So I then started to boot with the previous kernel version, updated to openrc and baselayout-2 and so on. I was able to read out the superblocks of the raid-member disk with mdadm and I was able to assemble my raid manually (after stoping the strange md12[67] devices). Unfortunately after some reboot the 'wrong' md126 raid started to resync itself which I knew on the point was very very bad for my real data. Anyway, I finally could isolate the culprit to be the update from mdadm-3.0 to mdadm-3.1.4. (mdadm-3.1.1-r1 also fails). I can reproduce this behaviour now anytime by compiling the version of mdadm and reboot. I also discovered that for mdadm-3.0 to have an md0 device I must start mdraid, while mdadm-3.1.x detects the bad devices on startup (don't know exactly when or how).

 *alexbuell wrote:*   

> Turned out to be the 0.9 superblocks that were right at the end of each partition that screwed up /dev/sd[ab]3 partitions. Once I changed over to 1.2 superblocks, the problems went away.

 

How did you do that. Did you re-create the array completely or is there an easier way without moving all the data around??

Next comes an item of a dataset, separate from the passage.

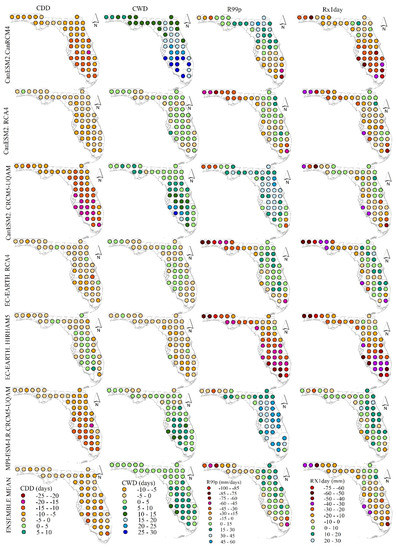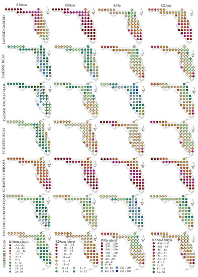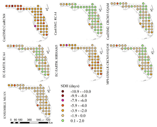 Figure 2, Figure 3 and Figure 4 show the absolute biases (model minus observation) in the climatological mean of the precipitation indices (i.e., CCD, CWD, R99p, Rx1day, R10mm, R20mm, R95p, Rx5day and SDII). Figure 2 shows the pattern of the absolute biases of some of precipitation-based climatic indices that include CDD, CWD, R99p and RX1day generated at the stations located at the center of each pixel across Florida. The observed precipitation and temperature-based climatic indices are show in Appendix A. In general, all the RCMs except EC-EARTH.HIRHAM5 overestimated the consecutive dry days (CDD; rainfall < 1 mm) since negative absolute bias values were indicated in the majority of the stations. Although the ensemble mean underestimated CDD in majority of the stations with the absolute biases of +/−5 range, it still showed good skill than some of the RCMs (e.g., CanESM2.CanRCM4, CanESM2.CRCM5-UQAM and MPI-ESM-LR.CRCM5-UQAM). Since the ensemble mean was generated using the simple arithmetic mean of the climatology of the individual ensemble member, it outperformed some of the RCMs and underperformed as compared to some of the RCMs. EC-EARTH.HIRHAM5 estimated CDD very well as compared to the other climate models with relatively minimum absolute bias of +/−5 range in 85% of the stations. EC-EARTH.RCA4 also showed good performance next to EC-EARTH.HIRHAM5 in 77% of the stations under similar CDD criteria. CDD is an effective index to indicate the dry spell or drought condition and hence there is no dry biases of the RCMs in the majority of the stations. Except EC-EARTH.HIRHAM5, most of the RCMs overestimated CWD in majority of the stations. EC-EARTH.RCA4 and CanESM2.RCA4 showed relatively better skill in explaining CWD as compared to other climate models with absolute biases ranging between −5 to 5 in 100% and 98% of the stations respectively. CanESM2.CanRCM4 overestimated CWD mainly in the southern part. Next to EC-EARTH.RCA4 and CanESM2.RCA4, MPI-ESM-LR.CRCM5-UQAM RCM and EC-EARTH.HIRHAM5 also performed very well in estimating CWD except an overestimation in 31% of the stations and underestimation in 25% of the stations, respectively. Despite some discrepancy in the skill of the EC-EARTH.HIRHAM5, EC-EARTH.RCA4 and CanESM2.RCA4 RCMs in reproducing the observed CWD in some stations, these three RCMs showed relatively better skill in explaining CDD and CWD as compared to the other RCMs. Errors in the parameterizations of the regional climate model in simulating the convective systems at the local scale often introduce systemic dry and wet biases. The wet bias (less CDD and high CWD) in most of the climate models indicates more frequent occurrence of 1 mm and above daily precipitation as compared to the observation. The climate models have been portrayed in the past by the issue of estimating more frequent precipitation events and this problem has not been significantly improved in the RCMs used in this study [51]. The ensemble mean CanESM2.RCA4 and EC-EARTH.RCA4 relatively showed a better skill as compared to the other RCMs in estimating the extreme wet days (R99p) with the absolute biases ranging between −15 to 15 in 65%, 56% and 52% of the stations, respectively. CanESM2.CanRCM4 also showed a good skill in estimating R99p in 40% of the stations, while the remaining RCMs underperformed in reproducing R99p. CanESM2.CRCM5-UQAM relatively outperformed other RCMs in estimating the maximum 1 day precipitation (Rx1day) in 67% of the stations located in different parts and followed by MPI-ESM-LR.CRCM5-UQAM (58% of the stations) compared with absolute biases +/−10 range. The ensemble mean CanESM2.RCA4 and EC-EARTH.RCA4 closely performed in estimating Rx1day in 50, 48 and 46% of the stations while the other RCMs underperformed in the majority of the stations (absolute biases ranging from −10 to 10). This result highlights relatively less performance of RCMs to fully capture the extreme precipitation events as compared to capturing less extreme events attributed to the coarser spatial resolutions of the RCMs and the high dynamics of the extreme precipitation events primarily at mesoscale, which can be difficult to fully capture using relatively coarse resolution RCMs. Diaconescu et al. [25] reported improvement in the RCMs performance in characterizing some precipitation based climatic indices during summer owing to improvement in spatial resolutions of some of the RCMs. Lower score in simulating some of the precipitation extremes (e.g., RX1day) was also reported even though finer spatial resolutions of some of the RCMs (e.g., CRCM5 and CanRCM4). The occurrence of wet and dry day events can be better reproduced through conducting a detailed analysis of the convective rainfall for some of the RCMs (e.g., CanRCM4).

I guess that this could very well be the problem here too since I have "ARRAY /dev/md0 metadata=0.90" in my mdadm.conf.

Since I have now moved all the data from my array, I will try to recreate it with mdadm-3.1.4 and see if it is auto-detected correctly.

I will backup the superblocks of each current member disk in case anyone ever would like to look into this (just give me a pm).

I'll document a few of the steps I did to recover my ext3 filesystem.

Remember to always store the commands you used to create an array.

Do some experiments while the array is empty. I'm so glad I did all that!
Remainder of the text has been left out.